Tippecanoe County has 370 licensed physicians, according to the Indiana Professional Licensing Agency. About 140 of them are part of Arnett, all of whom had or still have hospital privileges at the two GLHS facilities.

Both sides expect doctors will keep those privileges, but stopped short of saying it definitively will work out that way.

“Doctors leave or change affiliation,” Wilson said.

In fact, a complex feud between Arnett and GLHS has been brewing for years, starting with a solo attempt by Arnett in 2003 to build a new hospital.

That plan was scrapped after several Arnett doctors sued Arnett in July 2004, claiming the board did not consult them on its decision to build the facility. Those doctors left Arnett and formed their own group under GLHS’ ownership.

Arnett countersued, saying their former doctors conspired with GLHS to foster negative publicity about Arnett’s plans for the new hospital. The suit eventually was settled out of court, but bad blood lingered. Arnett a year later sued GLHS, claiming it was attempting to maintain a monopoly on health care in the area.

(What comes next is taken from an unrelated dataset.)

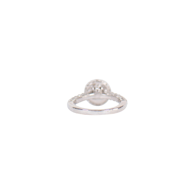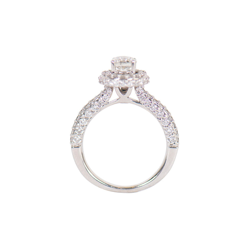 Pre-Owned Ladies Diamond Engagement Ring crafted in 14 karat white gold and graced with a stunning, round brilliant center stone weighing 0.53 carats, G to H in color, and SI-2 in clarity. Additionally, this ring is detailed with 98, dazzling round full cut diamonds with a collective carat weight of 1.00 carats. Ring is in very good condition.

A judge later dismissed that claim. But by then, Arnett was in talks with Clarian on the hospital they would build together.

It’s a good outcome for health care consumers, according to Dan Evans, Clarian’s CEO.

“Competition is not an issue,” he said. “Hospitals tend to think about themselves. We need to think about this from the patients’ point of view, not the hospitals’. Quality of care will go up, not down.”